Among the entries below, tally each line where the word "shirt" appears and state only the total.

### DATA EXCERPTS
-=-=-=-=-
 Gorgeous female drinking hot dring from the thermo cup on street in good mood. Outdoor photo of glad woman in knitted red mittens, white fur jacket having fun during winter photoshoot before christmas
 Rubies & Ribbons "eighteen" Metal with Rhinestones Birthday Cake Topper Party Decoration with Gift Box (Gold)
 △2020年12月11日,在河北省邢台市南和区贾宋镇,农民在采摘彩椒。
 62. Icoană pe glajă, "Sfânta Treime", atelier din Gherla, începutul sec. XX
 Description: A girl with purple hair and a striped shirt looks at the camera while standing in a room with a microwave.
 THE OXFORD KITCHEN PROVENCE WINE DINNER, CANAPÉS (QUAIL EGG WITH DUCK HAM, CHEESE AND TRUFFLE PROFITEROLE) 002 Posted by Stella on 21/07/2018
-=-=-=-=-
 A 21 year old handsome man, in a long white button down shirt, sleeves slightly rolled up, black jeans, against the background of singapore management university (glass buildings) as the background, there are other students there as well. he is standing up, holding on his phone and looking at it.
-=-=-=-=-
### EXPECTED OUTPUT
2